_Activity_. From the first line of the material below through the line containing "Learn how to", print every line exactly as it stands, but no pictures.

──────── The data

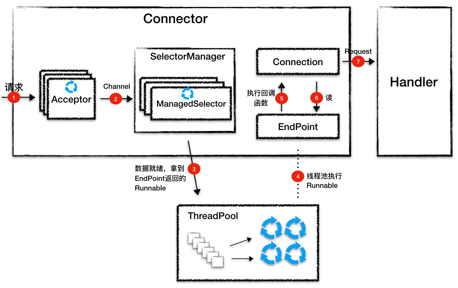 到此你应该了解了Connector的工作原理,下面我画张图再来回顾一下Connector的工作流程。
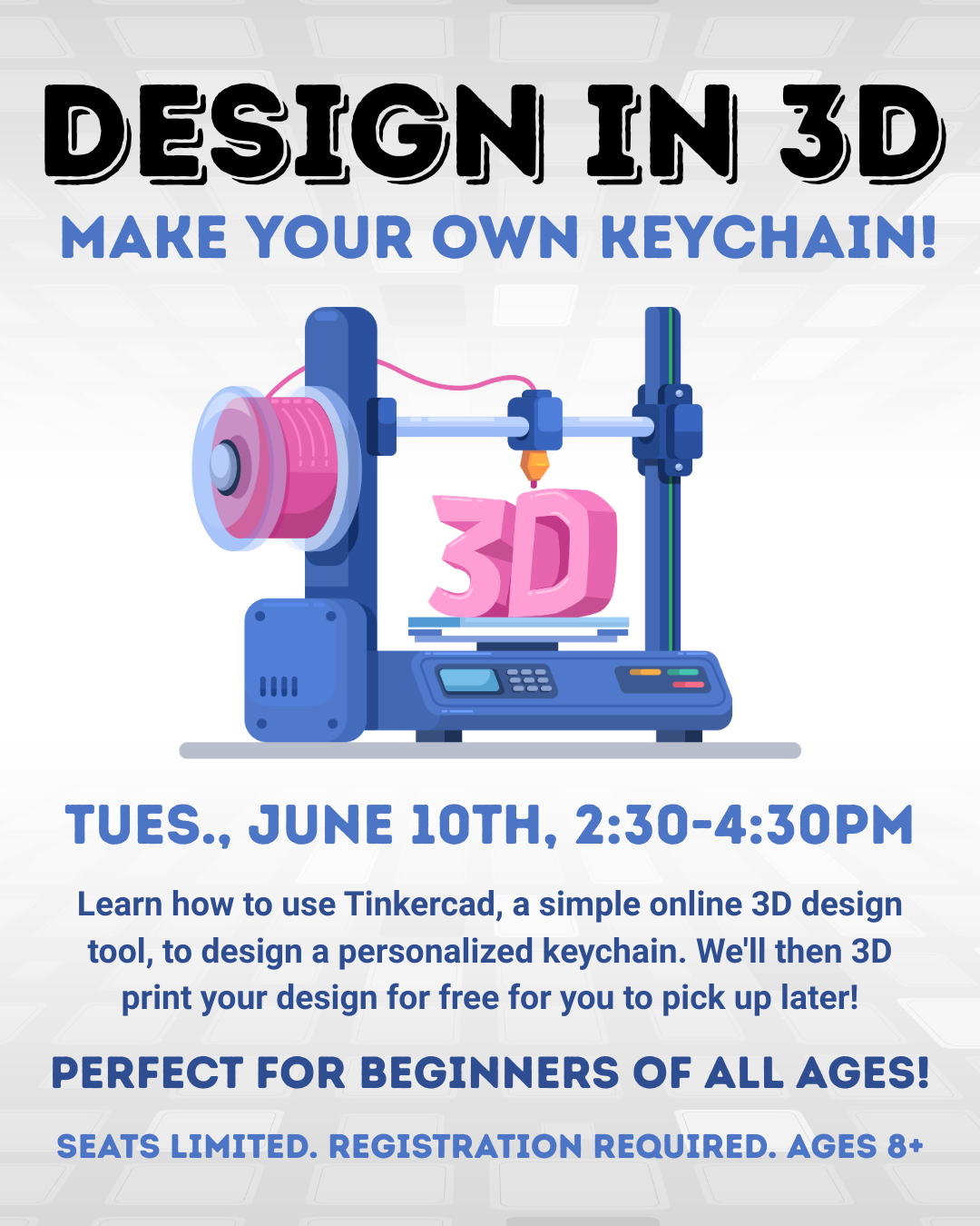 Learn how to use Tinkercad, a simple online 3D design tool, to create a personalized keychain. We’ll 3D print your creation for pickup after the program. Recommended for ages 8+. Perfect for beginners of all ages! Seats limited. Registration required.
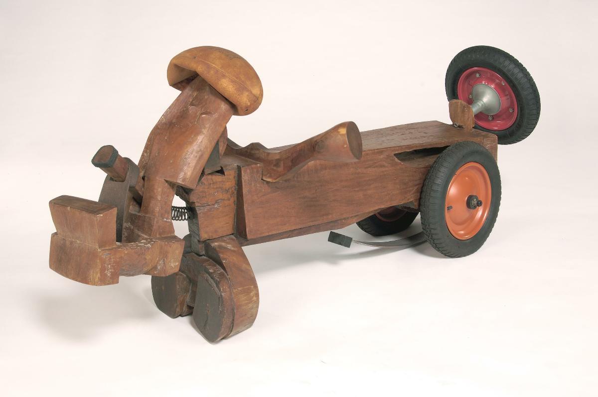 Nandi is the vehicle of Shiva, a Hindu deity famous for his reclusive nature and unconventional lifestyle. In south India, this Nandi vahana (bull vehicle) carries the mobile images of Shiva, and his consort, Parvati, which are placed atop, and taken out in a procession through the town. This graceful animal has a great presence and candid expression, notice the edge of the tongue leaping out of its mouth. Such vehicles are plated in silver and gold and covered with realistic paint.

────────────────

_Reply_.
 到此你应该了解了Connector的工作原理,下面我画张图再来回顾一下Connector的工作流程。
 Learn how to use Tinkercad, a simple online 3D design tool, to create a personalized keychain. We’ll 3D print your creation for pickup after the program. Recommended for ages 8+. Perfect for beginners of all ages! Seats limited. Registration required.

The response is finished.